Starting with the line that has "7.蒸金蠔剩下的薑片、蔥段下" and finishing with the line that has "Unlikelyならではのア", set down each line below exactly. Pictures are not copied.

| The records |
------------------------------------

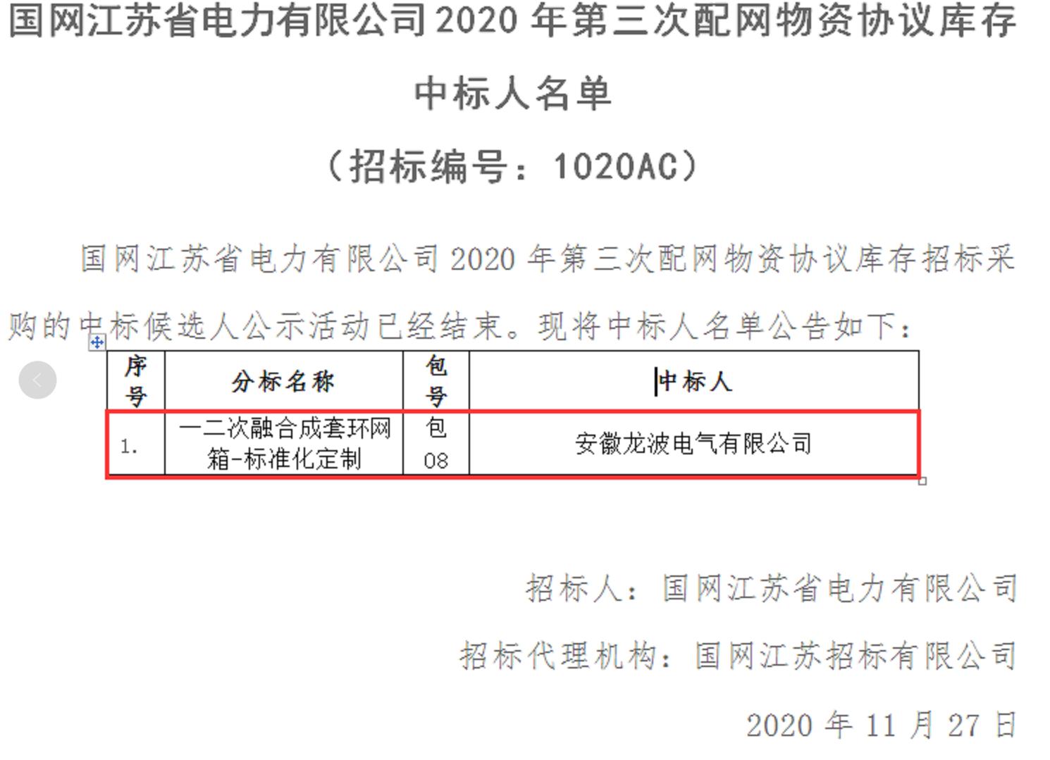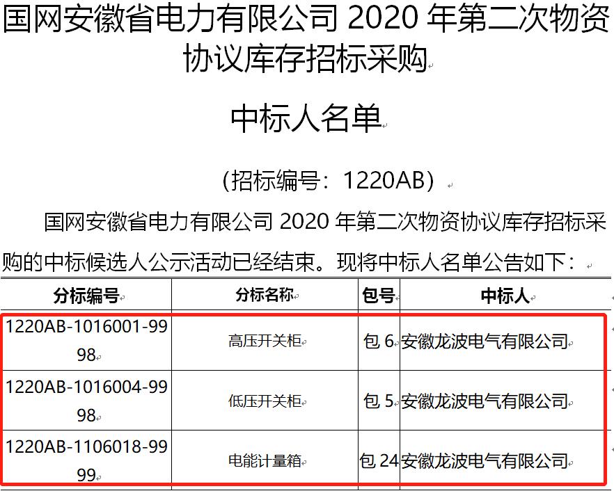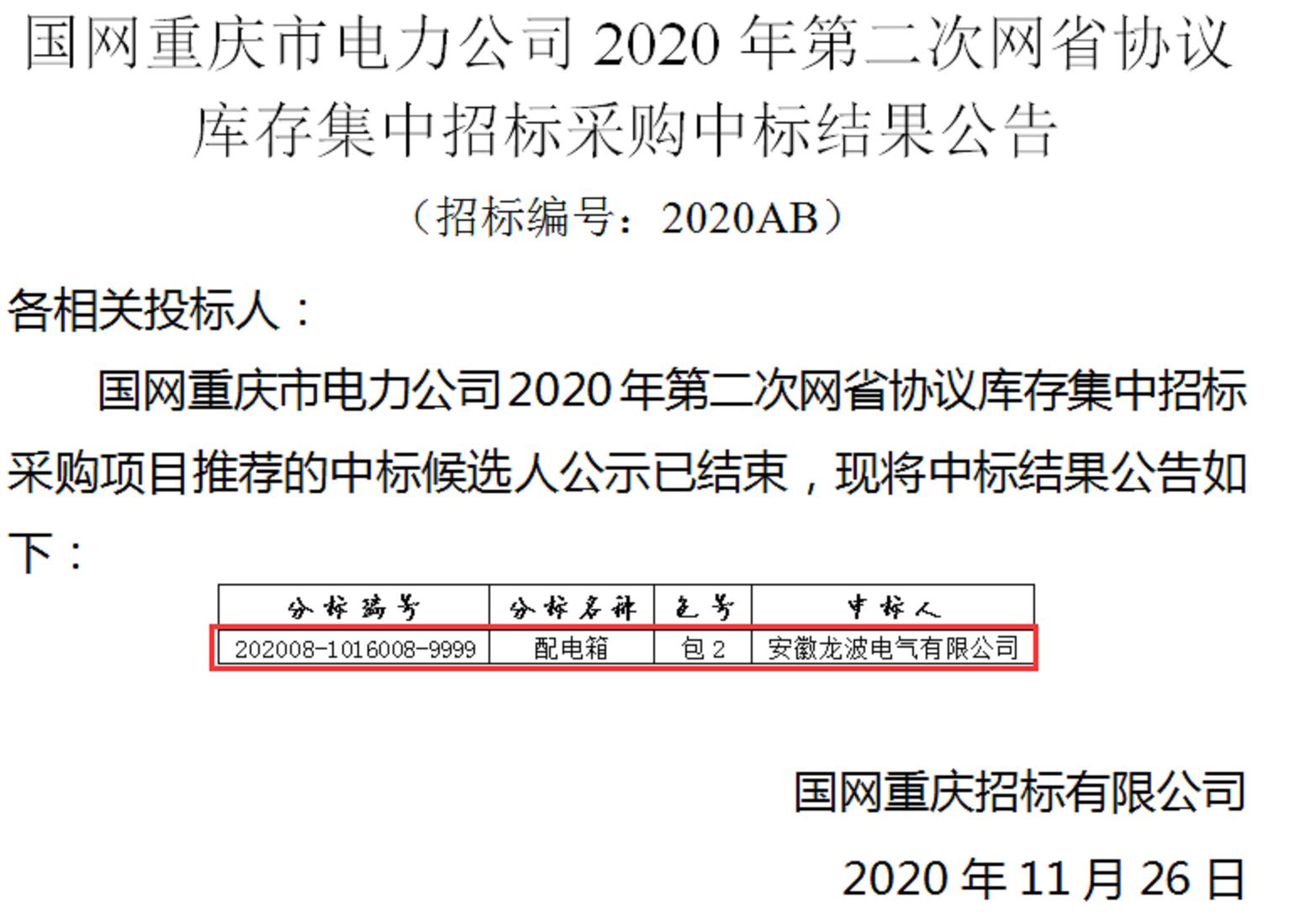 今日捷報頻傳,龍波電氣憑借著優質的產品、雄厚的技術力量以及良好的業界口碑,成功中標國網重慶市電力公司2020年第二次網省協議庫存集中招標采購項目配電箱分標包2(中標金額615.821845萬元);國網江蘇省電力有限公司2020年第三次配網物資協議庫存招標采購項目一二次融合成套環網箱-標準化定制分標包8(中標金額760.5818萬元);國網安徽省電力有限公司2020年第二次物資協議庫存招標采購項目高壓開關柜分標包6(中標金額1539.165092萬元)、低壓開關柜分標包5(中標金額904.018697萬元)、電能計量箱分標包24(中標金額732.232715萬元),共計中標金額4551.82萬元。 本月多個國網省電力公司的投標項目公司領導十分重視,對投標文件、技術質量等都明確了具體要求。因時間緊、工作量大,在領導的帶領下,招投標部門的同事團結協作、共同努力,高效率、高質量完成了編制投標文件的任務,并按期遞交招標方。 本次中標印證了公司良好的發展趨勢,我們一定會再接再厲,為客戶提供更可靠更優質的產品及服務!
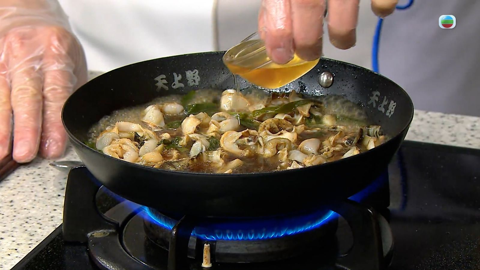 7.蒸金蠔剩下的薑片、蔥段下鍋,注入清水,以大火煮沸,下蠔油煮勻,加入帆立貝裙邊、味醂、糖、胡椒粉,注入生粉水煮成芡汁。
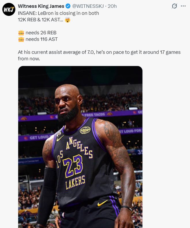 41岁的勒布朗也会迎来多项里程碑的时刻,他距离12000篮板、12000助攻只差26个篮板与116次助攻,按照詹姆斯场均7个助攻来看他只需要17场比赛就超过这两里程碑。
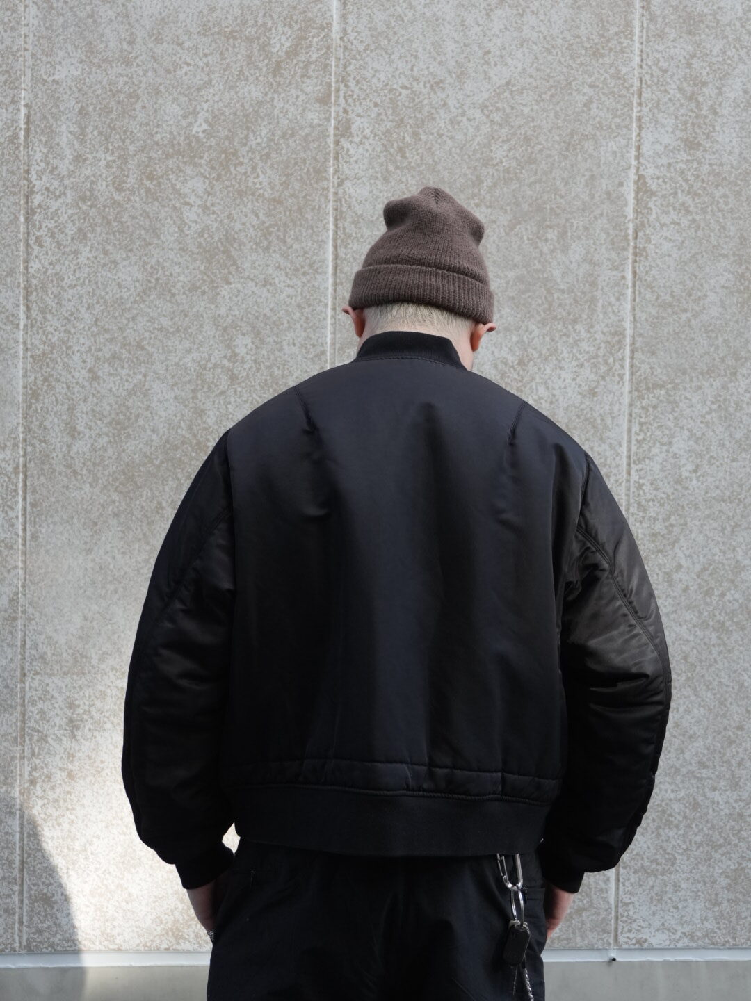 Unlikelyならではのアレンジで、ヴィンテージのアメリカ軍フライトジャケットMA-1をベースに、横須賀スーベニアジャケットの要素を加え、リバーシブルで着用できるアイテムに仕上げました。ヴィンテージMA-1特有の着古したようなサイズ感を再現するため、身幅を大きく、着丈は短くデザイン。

------------------------------------

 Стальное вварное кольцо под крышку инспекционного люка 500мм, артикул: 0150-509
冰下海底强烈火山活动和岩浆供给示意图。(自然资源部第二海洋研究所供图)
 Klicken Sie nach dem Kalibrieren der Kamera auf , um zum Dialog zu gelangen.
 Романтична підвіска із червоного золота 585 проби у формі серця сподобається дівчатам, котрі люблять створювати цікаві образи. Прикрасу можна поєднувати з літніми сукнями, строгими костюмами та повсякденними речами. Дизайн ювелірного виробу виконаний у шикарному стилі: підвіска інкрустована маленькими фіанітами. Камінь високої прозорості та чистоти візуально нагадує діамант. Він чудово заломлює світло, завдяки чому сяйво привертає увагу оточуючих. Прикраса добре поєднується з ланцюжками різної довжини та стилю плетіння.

------------------------------------

| Result of the task |
 7.蒸金蠔剩下的薑片、蔥段下鍋,注入清水,以大火煮沸,下蠔油煮勻,加入帆立貝裙邊、味醂、糖、胡椒粉,注入生粉水煮成芡汁。
 41岁的勒布朗也会迎来多项里程碑的时刻,他距离12000篮板、12000助攻只差26个篮板与116次助攻,按照詹姆斯场均7个助攻来看他只需要17场比赛就超过这两里程碑。
 Unlikelyならではのアレンジで、ヴィンテージのアメリカ軍フライトジャケットMA-1をベースに、横須賀スーベニアジャケットの要素を加え、リバーシブルで着用できるアイテムに仕上げました。ヴィンテージMA-1特有の着古したようなサイズ感を再現するため、身幅を大きく、着丈は短くデザイン。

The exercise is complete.